Stored entries:
[Start of Attachment]
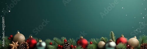 Merry Christmas banner with blank space for text, green background, giftboxes, fir tree branches, red and green ornaments
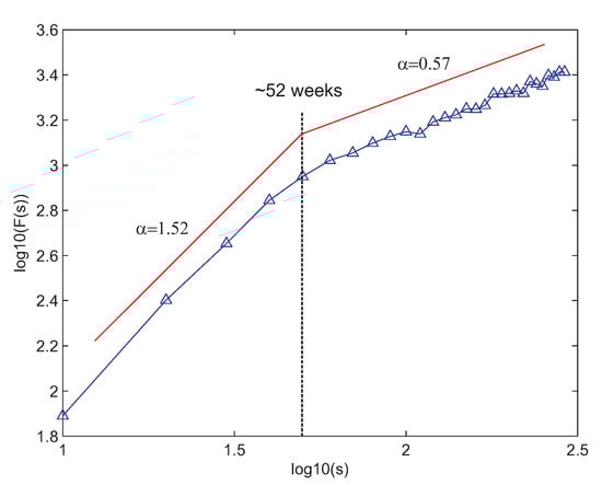 We first applied the DFA algorithm to the complete time series of dammed water level at Belesar. Figure 5 shows the DFA obtained. As can be seen, there is a clear two-ranges structure with separation point at around 52 weeks, which matches a year duration. Up to 52 weeks, the dammed water level time series is extremely long-term correlated, as the correlation exponent (recall that an exponent represents an uncorrelated process). Over 52 weeks, the time series is mostly uncorrelated since the correlation exponent is , very close to . This result suggests a process with a strong annual period. This justifies the use of persistence-based techniques for analysis of the time series, such as the typical year approach or auto-regressive methods, as good options to obtain accurate long-term predictions of the weekly dammed water level at Belesar.
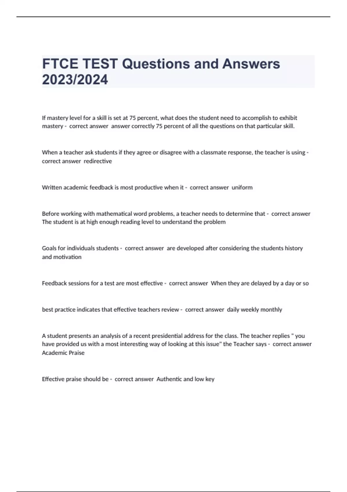 If mastery level for a skill is set at 75 percent, what does the student need to accomplish to exhibit mastery - correct answer answer correctly 75 percent of all the questions on that particular skill. When a teacher ask students if they agree or disagree with a classmate response, the teacher is using - correct answer redirective Written academic feedback is most productive when it - correct answer uniform Before working with mathematical word problems, a teacher needs to determine that - correct answer The student is at high enough reading level to understand the problem Goals for individuals students - correct answer are developed after considering the students history and motivation Feedback sessions for a test are most effective - correct answer When they are delayed by a day or so best practice indicates that effective teachers review - correct answer daily weekly monthly A student presents an analysis of a recent presidential address for the class. The teacher replies " you have provided us with a most interesting way of looking at this issue" the Teacher says - correct answer Academic Praise Effective praise should be - correct answer Authentic and low key
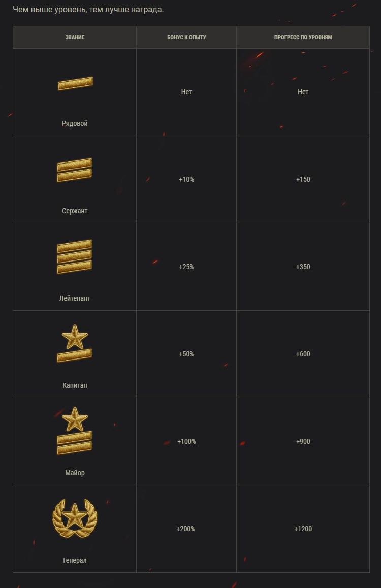 4. L’esperienza è calcolata allo stesso modo delle battaglie casuali, più i coefficienti addizionali per i ranghi. L’esperienza è distribuita su tutti i carri armati coinvolti nella battaglia, a seconda dei risultati che hai mostrato su ciascun carro armato.
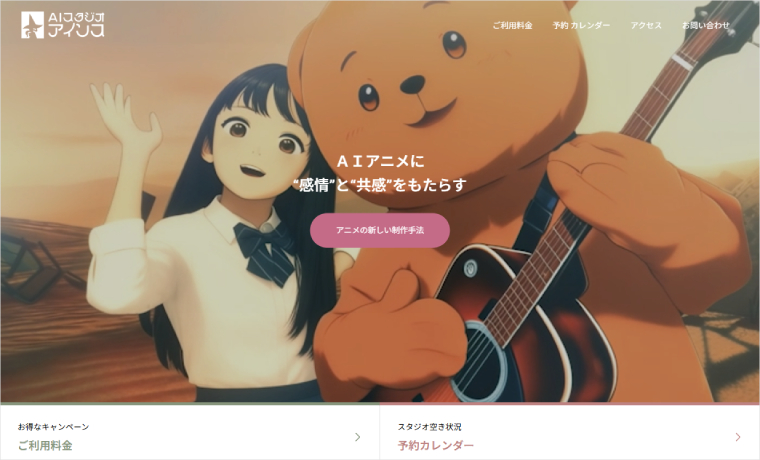 The first view features a video explaining the animation production process. It visually demonstrates how live-action movements are converted into animation through AI and motion capture. The header content also supports an image slider.
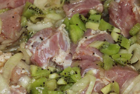 Кивито съдържа специфични ензими, които разграждат месните ензими много бързо. Ето защо, когато мариновате, не добавяйте този плод повече от препоръчителната доза и ферментирайте месо за по-дълъг от посочения период. Тъй като вместо ароматни пържени парчета месо с хрупкава коричка, можете да получите месо от пюре. Следвайки рецептата, можете да получите сочно и меко ястие с пикантна киселинност, дори без да добавяте подправки.
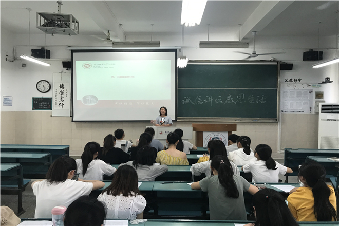 5月24日下午四时许,2018级汉语国际教育举办以“诚信还贷,感恩成长”为主题的诚信教育讲坛。旨在宣传国家助学贷款及其他资助政策,普及征信及信用知识,进一步提高同学们的诚信意识,培育诚信品质,助力诚信守信的校园文化建设。本次活动由班长王玥主持,全体班委及班级受资助的同学参加。
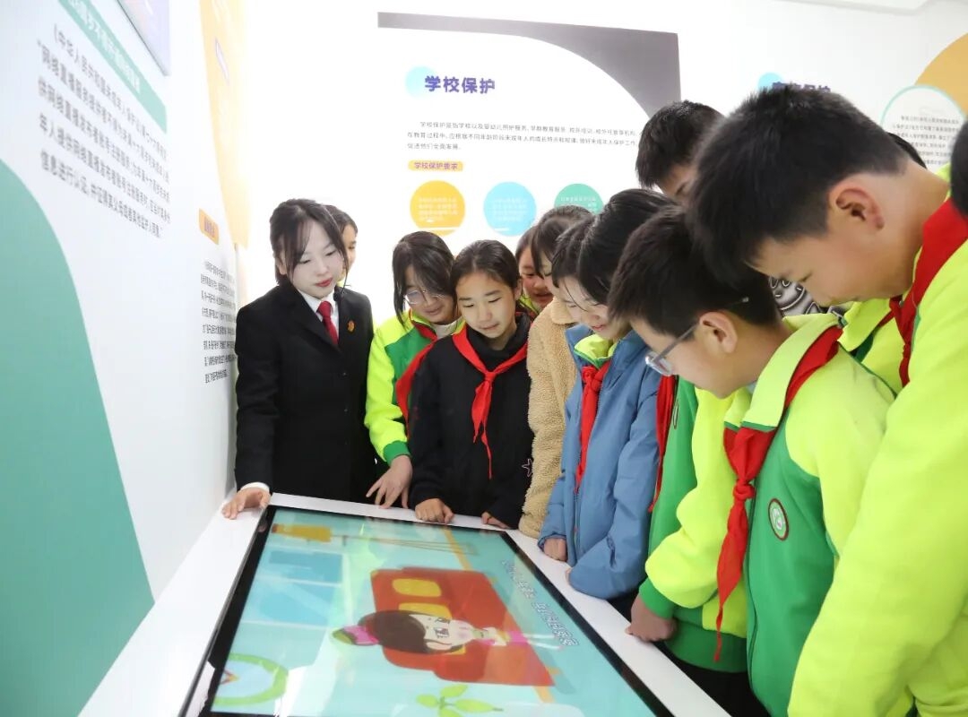 翠屏区法院金秋湖法庭依托青少年法治教育基地,邀请学生沉浸式学法。活动中,不仅组织学生参观法庭、体验穿法袍敲法槌,还围绕“五防”内容以案释法,通过普法动画、仿真模型、互动答题等形式讲解未成年人“六大保护”知识,让法治学习更生动。
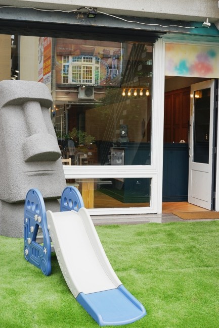 門口有超巨大的摩艾像還有小朋友可以玩的溜滑梯,鋪上草皮,還蠻可愛文青的。那天和拉傻一起去,我想到他家也是很多摩艾,問他要不要也搬一個回家,他翻我一個白眼,什麼意思啊~
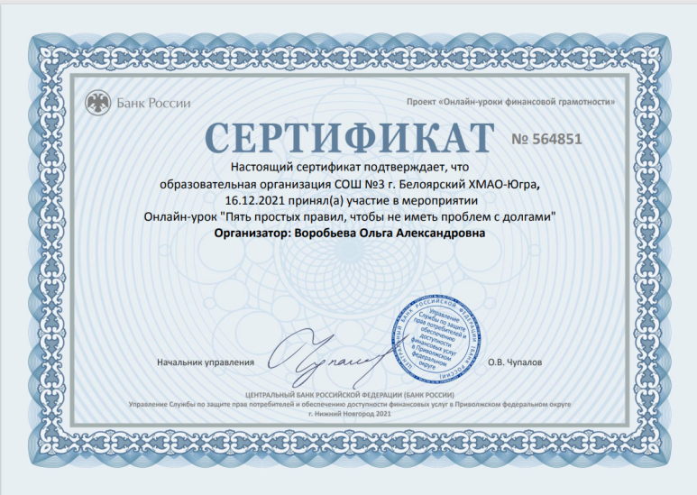 Мы приняли участие в онлайн-уроках: «С деньгами на «Ты» или Зачем быть финансово грамотным?», «Личный финансовый план. Путь к достижению», «Пять простых правил, чтобы не иметь проблем с долгами» (Приложение 5).
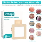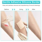 COMFORTABLE HEALING: The bordered foam dressing features a super-absorbent core that effectively absorbs dead tissue cells without adhering to wet wounds, significantly reducing pain and trauma during dressing changes. With its 5-layer absorbent core (including an extra 4mm absorbent layer), the foam dressing can absorb 25-30 times its weight in wound exudate in a single use. This capability greatly extends the dressing’s lifespan and no need to make frequency changes. WATERPROOF & BREATHABLE: The self-adhesive, multi-layer structure of the silicone border foam allows oxygen and water vapor to pass through, enabling the wound to breathe while maintaining a moist and healthy environment conducive to healing. The dressing remains comfortable for extended wear, avoiding stickiness and protecting faster wound recovery. Its outermost layer is both waterproof and breathable, protecting the wound from contamination and supporting effective healing. RAPID ABSORPTION OF EXUDATE: The silicone foam dressing 4x4 has a six-layer structure: polyurethane film, absorbent core, 4mm absorbent layer, non-woven layer, PU pad, and hypoallergenic silicone contact layer. This design allows it to rapidly and effectively absorb wound exudate, converting it into a gel and securely locking it in place. It minimizes skin maceration and features a soft, extra-thick foam pad that perfectly fits the wound contour, providing optimal pressure buffering and protection. GENTLE AND NON IRRITATING ADHESION: The wound dressing utilizes A++ grade hypoallergenic soft silicone, which is exceptionally gentle and non-irritating, making it ideal for fragile wounds and sensitive skin. Additionally, the wound silicone bandages incorporates a high-quality, skin-friendly adhesive that adheres firmly without shifting, ensuring stability during use. Upon removal, it leaves no residue, and its design allows users to comfortably adjust the dressing’s orientation based on the wound’s condition. WIDE APPLICATION: We offer FSA/HSA-eligible foam silicone dressings in various sizes. Each silicone dressing is individually packaged, ensuring hygiene and convenience for storage, carry out and use. These wound bandages are suitable for a wide range of applications, including surgical incisions, bedsores, sacral pressure sores, leg ulcers, neuropathic ulcers, arterial ulcers, diabetic foot ulcers, traumatic wounds, abrasions, and Ⅰ-Ⅱ degree burns, etc.
[End of Attachment]
Description of the task: Copy each line of the records above without change, but do not include any picture.

Exercise response:
 Merry Christmas banner with blank space for text, green background, giftboxes, fir tree branches, red and green ornaments
 We first applied the DFA algorithm to the complete time series of dammed water level at Belesar. Figure 5 shows the DFA obtained. As can be seen, there is a clear two-ranges structure with separation point at around 52 weeks, which matches a year duration. Up to 52 weeks, the dammed water level time series is extremely long-term correlated, as the correlation exponent (recall that an exponent represents an uncorrelated process). Over 52 weeks, the time series is mostly uncorrelated since the correlation exponent is , very close to . This result suggests a process with a strong annual period. This justifies the use of persistence-based techniques for analysis of the time series, such as the typical year approach or auto-regressive methods, as good options to obtain accurate long-term predictions of the weekly dammed water level at Belesar.
 If mastery level for a skill is set at 75 percent, what does the student need to accomplish to exhibit mastery - correct answer answer correctly 75 percent of all the questions on that particular skill. When a teacher ask students if they agree or disagree with a classmate response, the teacher is using - correct answer redirective Written academic feedback is most productive when it - correct answer uniform Before working with mathematical word problems, a teacher needs to determine that - correct answer The student is at high enough reading level to understand the problem Goals for individuals students - correct answer are developed after considering the students history and motivation Feedback sessions for a test are most effective - correct answer When they are delayed by a day or so best practice indicates that effective teachers review - correct answer daily weekly monthly A student presents an analysis of a recent presidential address for the class. The teacher replies " you have provided us with a most interesting way of looking at this issue" the Teacher says - correct answer Academic Praise Effective praise should be - correct answer Authentic and low key
 4. L’esperienza è calcolata allo stesso modo delle battaglie casuali, più i coefficienti addizionali per i ranghi. L’esperienza è distribuita su tutti i carri armati coinvolti nella battaglia, a seconda dei risultati che hai mostrato su ciascun carro armato.
 The first view features a video explaining the animation production process. It visually demonstrates how live-action movements are converted into animation through AI and motion capture. The header content also supports an image slider.
 Кивито съдържа специфични ензими, които разграждат месните ензими много бързо. Ето защо, когато мариновате, не добавяйте този плод повече от препоръчителната доза и ферментирайте месо за по-дълъг от посочения период. Тъй като вместо ароматни пържени парчета месо с хрупкава коричка, можете да получите месо от пюре. Следвайки рецептата, можете да получите сочно и меко ястие с пикантна киселинност, дори без да добавяте подправки.
 5月24日下午四时许,2018级汉语国际教育举办以“诚信还贷,感恩成长”为主题的诚信教育讲坛。旨在宣传国家助学贷款及其他资助政策,普及征信及信用知识,进一步提高同学们的诚信意识,培育诚信品质,助力诚信守信的校园文化建设。本次活动由班长王玥主持,全体班委及班级受资助的同学参加。
 翠屏区法院金秋湖法庭依托青少年法治教育基地,邀请学生沉浸式学法。活动中,不仅组织学生参观法庭、体验穿法袍敲法槌,还围绕“五防”内容以案释法,通过普法动画、仿真模型、互动答题等形式讲解未成年人“六大保护”知识,让法治学习更生动。
 門口有超巨大的摩艾像還有小朋友可以玩的溜滑梯,鋪上草皮,還蠻可愛文青的。那天和拉傻一起去,我想到他家也是很多摩艾,問他要不要也搬一個回家,他翻我一個白眼,什麼意思啊~
 Мы приняли участие в онлайн-уроках: «С деньгами на «Ты» или Зачем быть финансово грамотным?», «Личный финансовый план. Путь к достижению», «Пять простых правил, чтобы не иметь проблем с долгами» (Приложение 5).
 COMFORTABLE HEALING: The bordered foam dressing features a super-absorbent core that effectively absorbs dead tissue cells without adhering to wet wounds, significantly reducing pain and trauma during dressing changes. With its 5-layer absorbent core (including an extra 4mm absorbent layer), the foam dressing can absorb 25-30 times its weight in wound exudate in a single use. This capability greatly extends the dressing’s lifespan and no need to make frequency changes. WATERPROOF & BREATHABLE: The self-adhesive, multi-layer structure of the silicone border foam allows oxygen and water vapor to pass through, enabling the wound to breathe while maintaining a moist and healthy environment conducive to healing. The dressing remains comfortable for extended wear, avoiding stickiness and protecting faster wound recovery. Its outermost layer is both waterproof and breathable, protecting the wound from contamination and supporting effective healing. RAPID ABSORPTION OF EXUDATE: The silicone foam dressing 4x4 has a six-layer structure: polyurethane film, absorbent core, 4mm absorbent layer, non-woven layer, PU pad, and hypoallergenic silicone contact layer. This design allows it to rapidly and effectively absorb wound exudate, converting it into a gel and securely locking it in place. It minimizes skin maceration and features a soft, extra-thick foam pad that perfectly fits the wound contour, providing optimal pressure buffering and protection. GENTLE AND NON IRRITATING ADHESION: The wound dressing utilizes A++ grade hypoallergenic soft silicone, which is exceptionally gentle and non-irritating, making it ideal for fragile wounds and sensitive skin. Additionally, the wound silicone bandages incorporates a high-quality, skin-friendly adhesive that adheres firmly without shifting, ensuring stability during use. Upon removal, it leaves no residue, and its design allows users to comfortably adjust the dressing’s orientation based on the wound’s condition. WIDE APPLICATION: We offer FSA/HSA-eligible foam silicone dressings in various sizes. Each silicone dressing is individually packaged, ensuring hygiene and convenience for storage, carry out and use. These wound bandages are suitable for a wide range of applications, including surgical incisions, bedsores, sacral pressure sores, leg ulcers, neuropathic ulcers, arterial ulcers, diabetic foot ulcers, traumatic wounds, abrasions, and Ⅰ-Ⅱ degree burns, etc.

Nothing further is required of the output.